Artist: Tangerine Dream
Album: Phaedra

Released: 20 February 1974
Label: Virgin

Phaedra Tangerine Dream
Everything has a beginning. For Spacemusic it was the 1974 release of Phaedra (37:33). Presenting ideas so far outside normal experience a new way of listening had to be established in order to fully appreciate its four innovative realizations. As our minds grasped and strained to receive such wonder the more sensitive among us still contemplate how this miracle of electricity could ever have been made by human hand. Free from the corruptions of tradition Phaedra astounded listeners with its immense scale and otherworldly perspective. The question of what counted as EM became newly charged, as the resulting sparks illuminated a time yet to come.

After several early releases of surreal sound collage Tangerine Dream produced the groundbreaking Phaedra. Art belongs to the subconscious, and this work did so attempt to portray sonically the most enigmatic region of the brain. Seeming like a sound structure the listener was passing through, meeting this music at its initial release felt like an encounter with something too immense or powerful for our reasoning to comprehend. Unable to look to the world for answers, we remain quietly stunned.

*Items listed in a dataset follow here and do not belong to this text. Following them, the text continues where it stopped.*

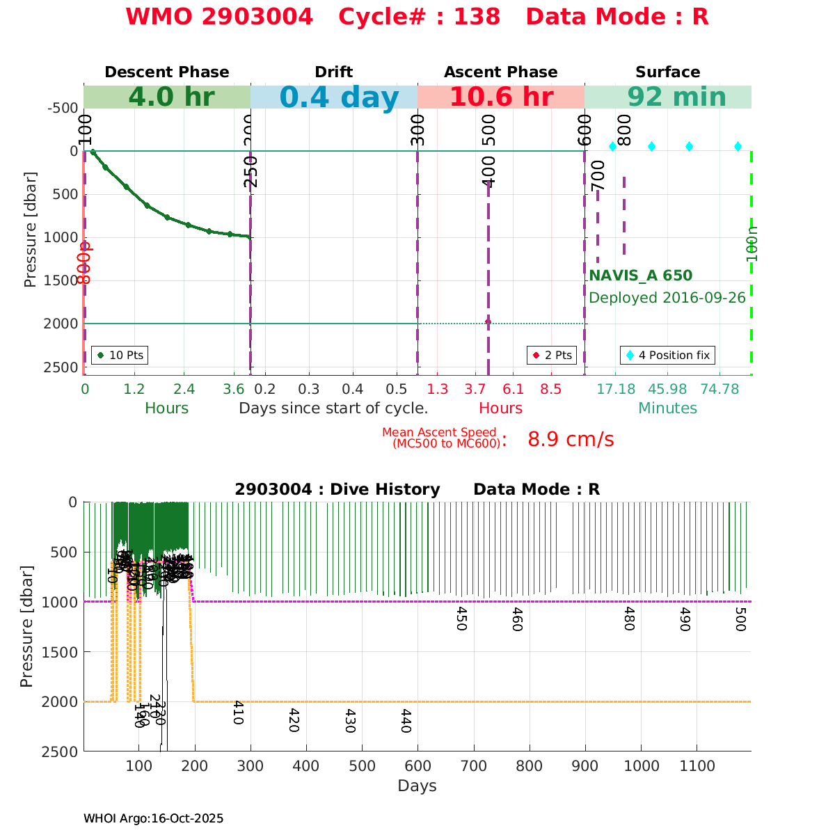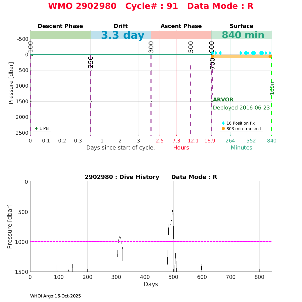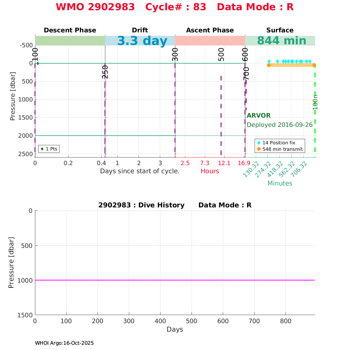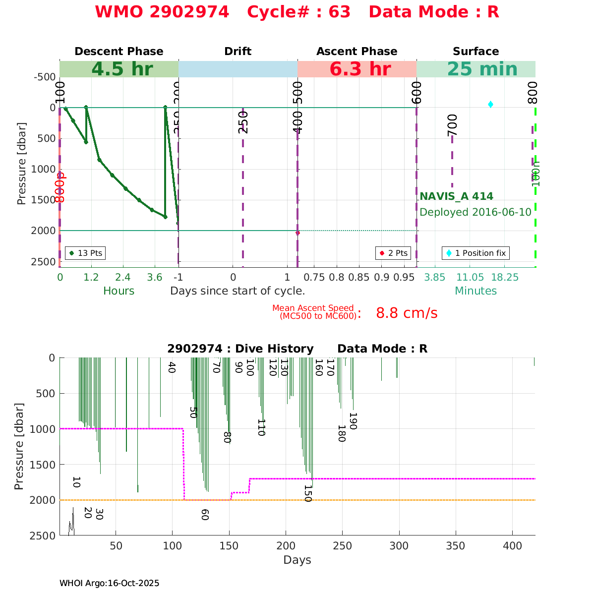| WMO: #2902974 DAC: jma PI: JAMSTEC NAVIS_A: #414 DRUCK: #10083713 SBE41CP_V7.2.3: #6167 Altimeter Comparison (IFREMER) EuroArgo Link | ![]() |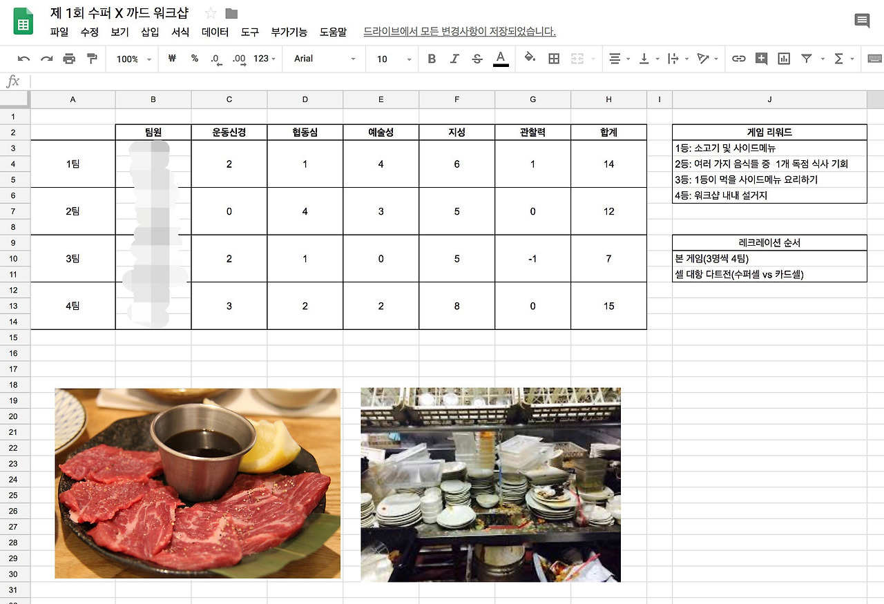 구글 Docs를 이용해 게임 현황판을 만들었다. 참여자들이 게임 점수를 실시간으로 볼 수 있도록 시작 전 미리 링크를 공유했다. 공유 링크 길어서 bitly를 통해 short URL로 만들어 공유했다. (공지사항에 링크가 과도하게 길게 보이는 게 싫어서..)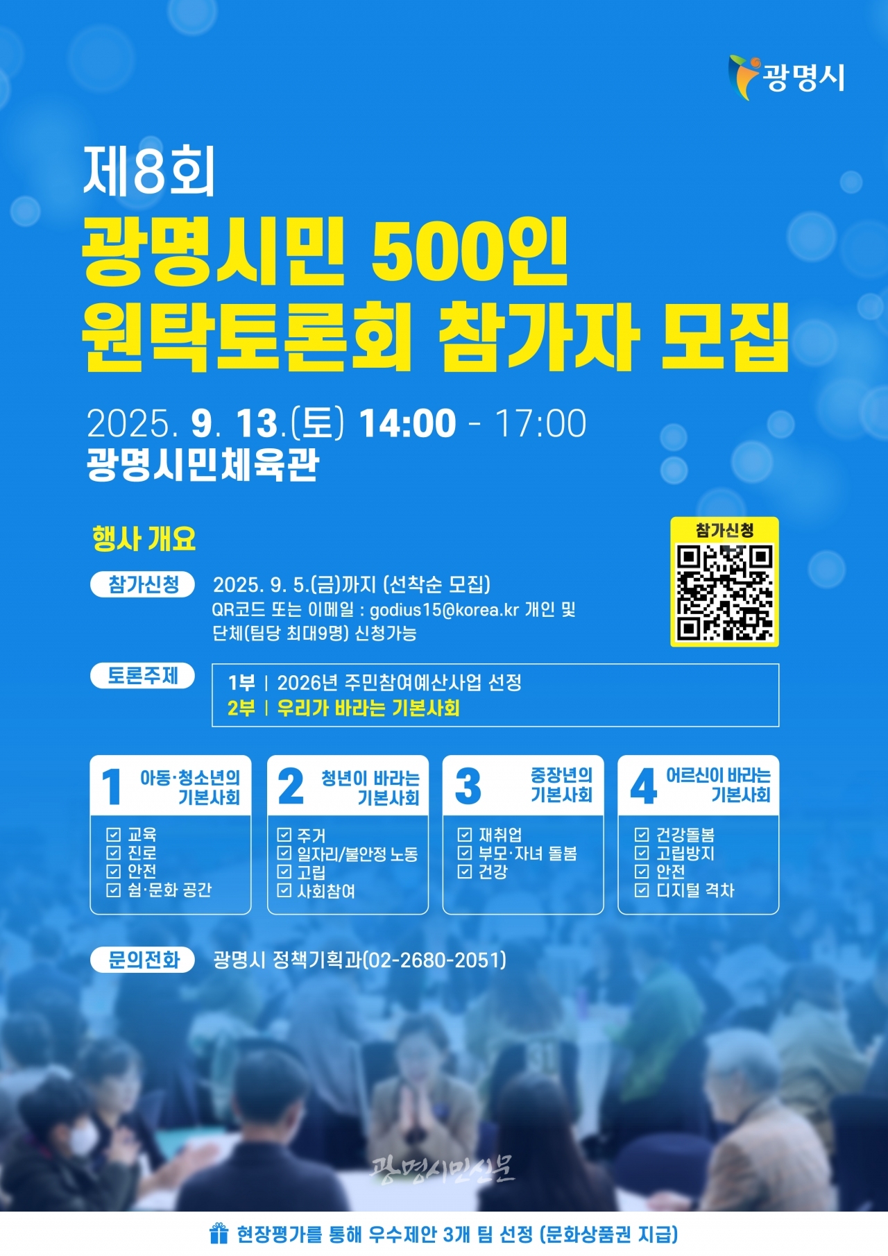 광명시(시장 박승원)가 ‘시민 의견이 곧 정책이 되는 도시’를 목표로 시민 500명과 함께 기본사회 청사진을 그린다.시는 오는 9월 13일 광명시민체육관에서 시민과 함께 지역의 미래를 그리는 ‘제8회 광명시민 500인 원탁토론회’를 개최한다.이번 토론회는 시민이 직접 시정에 참여해 정책을 제안하고, 지역사회가 함께 미래를 설계하는 ‘참여 기반 정책 설계의 장’으로 마련됐다.올해 토론회는 ▲1부 ‘2026년 주민참여예산 사업 선정’ ▲2부 ‘우리가 바라는 기본사회’ 두 가지 주제로 진행된다.1부에서는 시민 500인이 지역 실정에 맞춘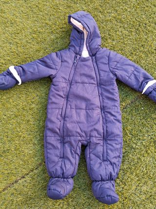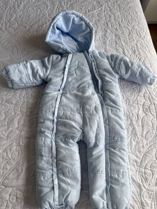 Buzo de bebé de color azul, ideal para mantener abrigado al pequeño. Talla 6-12 meses marca Dulces de El Corte Inglés. Muy cómodo de poner pues se abre con cremallera desde el cuello hasta el pie. Tiene patucos y manoplas que se enganchan con un automático para que no se pierdan. Ojo!! Lo dejo tan barato porque un patuco tiene una mancha de estar guardado ( no sé si se quitará) Última foto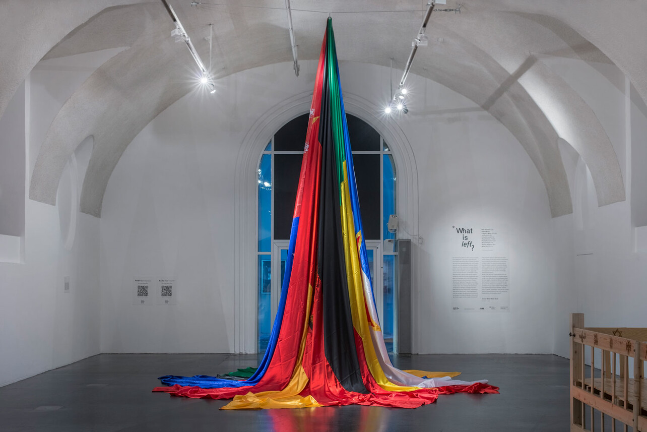 Nasan Tur explores political ideologies, subliminal messages, and symbols of power and dissent, all of which are present throughout his six-meter-high installation “Once upon a time”, which shows eight different national flags of countries that no longer exist – hence questioning what is left thereafter.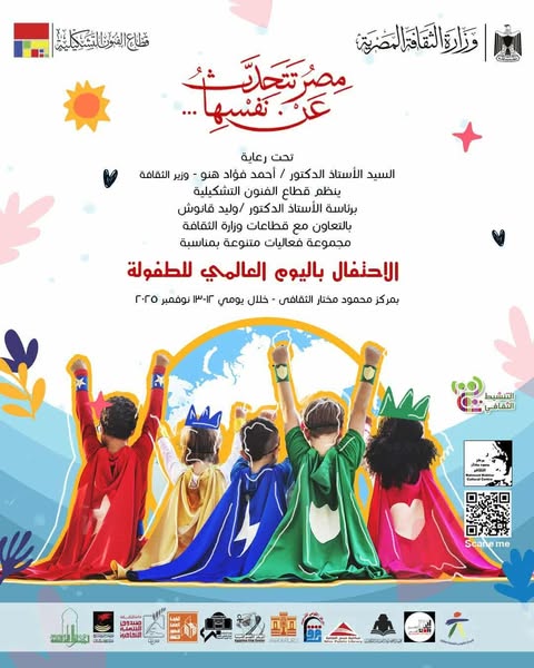 وزارة الثقافة تحتفي باليوم العالمي للطفولة بفعاليات فنية وثقافية متنوعة تحت عنوان “أبناؤنا في متاحفنا”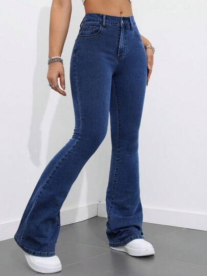 SHEIN ICON 紧身喇叭牛仔裤,休闲时尚,适合日常穿着 - 深色水洗藍 - 查看 1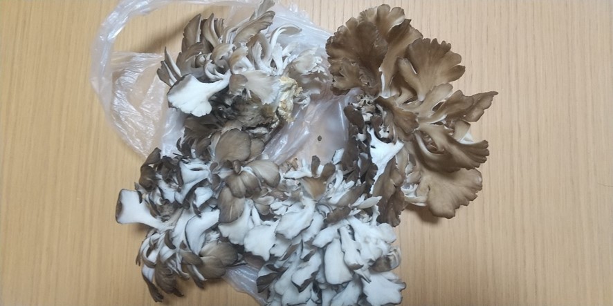 収穫したまいたけ4株を頂きました。どれも大きく、味もしっかりしていて、とてもおいしく頂きました。ただ、東さんのお話の最後に、実は種菌を売っている会社が最近高齢のため廃業したとの事で、今後の経営が難しいかもしれないと話してくれました。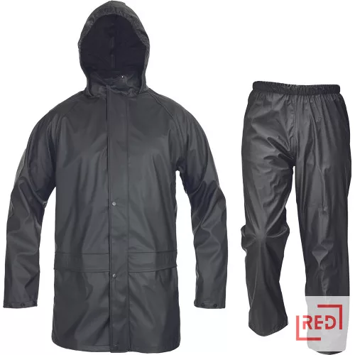 • víz- és szélálló esőöltöny • esőkabát gallérba hajtott kapucnival és rugalmas derekú nadrággal • puha poliészter szövet • 2 mély zsebfedős oldalzseb • patenttal szűkíthető mandzsetták
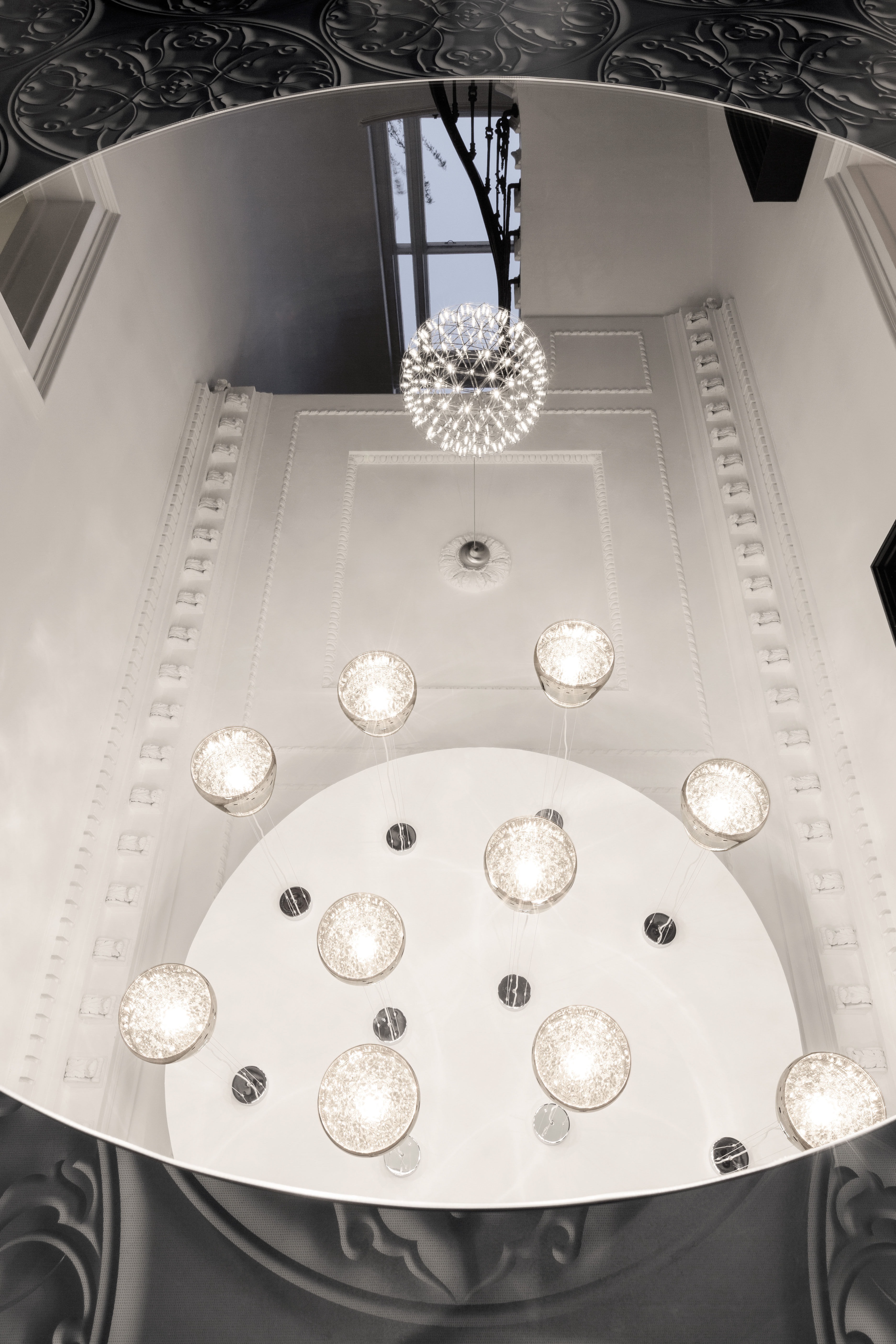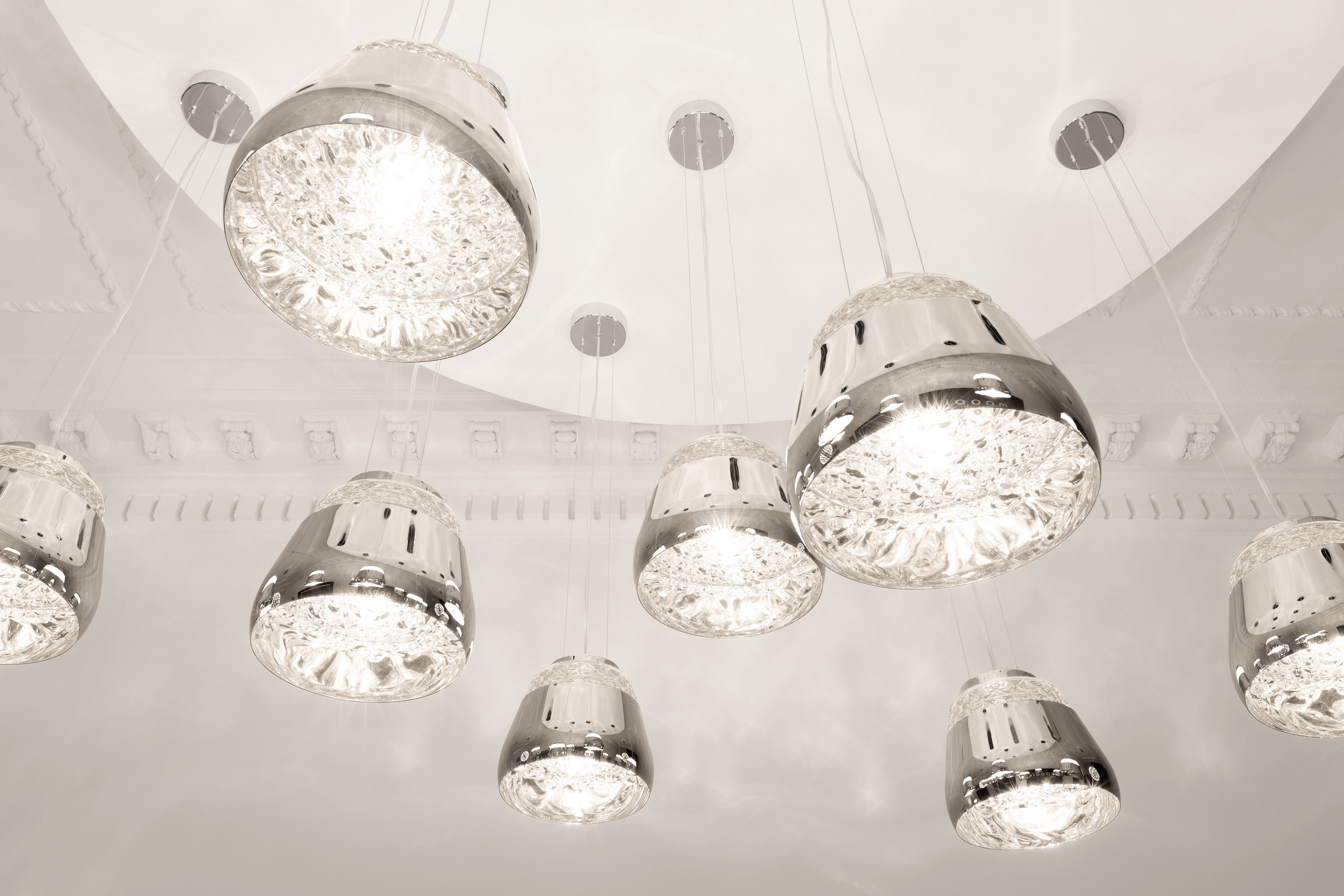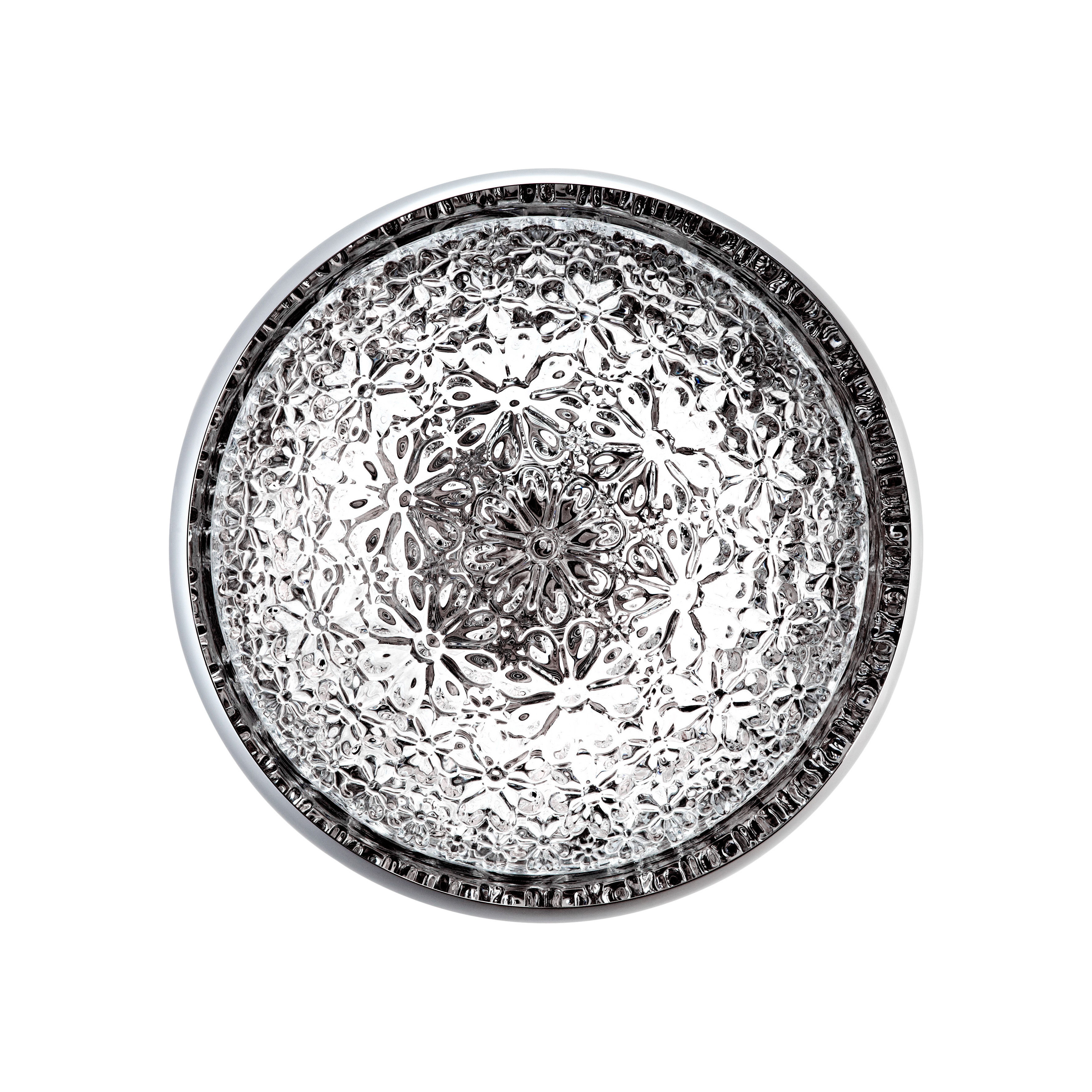 Потрясающий, стильный светильник VALENTINE завораживает своим дизайном и необычными световыми бликами. Плафон изготовлен из прозрачного выдувного стекла. Часть поверхности выполнена с напылением из хрома / золота / лакирована в черный или белый цвет (внутри плафон в цвете хрома). Внутренняя сторона декорирована цветочным узором. Лампа: 1 x E14, MAX 60W.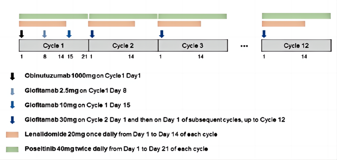 该研究计划招募76例对一线治疗无效或≥2线治疗失败的R/R DLBCL患者。允许患者既往接受过CD19 CAR-T治疗,但排除既往接受过CD20 TCE治疗的患者。所有患者在第1周期中采用格菲妥单抗阶梯剂量递增给药,从2.5 mg递增至10 mg,第2周期D1及以后给予30mg格菲妥单抗。来那度胺(D1-14,20 mg,QD)和poseltinib(D1-21,40 mg,BID)以每3周为1个周期。诱导治疗共12个周期,其后给予poseltinib和来那度胺维持治疗17个周期。主要终点为总缓解率(ORR),次要终点包括缓解持续时间(DoR)、完全缓解率(CRR)、无进展生存期(PFS)、总生存期(OS)和治疗相关不良事件(TEAE)的发生率。

While the timbre and tone of Phaedra were stirring in and of themselves, they were also part of a greater concept. In their search for meaning Tangerine Dream deployed murmuring Moogs, organ drones, ethereal Mellotrons and engine room sequencers - exposing us to instruments and ideas unknown to previous generations. Pushing the music field forward several light years, uninhabited hymns emerge from a cloud of dreams hovering above a darkening sonic plain. Heightening the ominous character of the soundscape, a surging mixture of thought zone oscillations, modulated effects and summoning chords insist on a strange, beautiful independence. Heading for mysterious regions, we move west with the night.

Today there is a nostalgia for the decade of discovery specific to the 1970s - where every day it seemed new visions and perspectives were informing forward-looking musicians, and so making their way to us by way of the local record store. Each new album reframed the one that preceded it, and held amazing new realms on just the two sides of a vinyl LP. The promise of technology, along with our cosmic yearning and faith in the future all balanced beautifully on Phaedra - after which The Universe seemed a bit more comprehensible. Using Electronic Music to explore ideas of the spirit and further the human condition, this music was among the first signs of a new age - which we wait for the world to recognize still.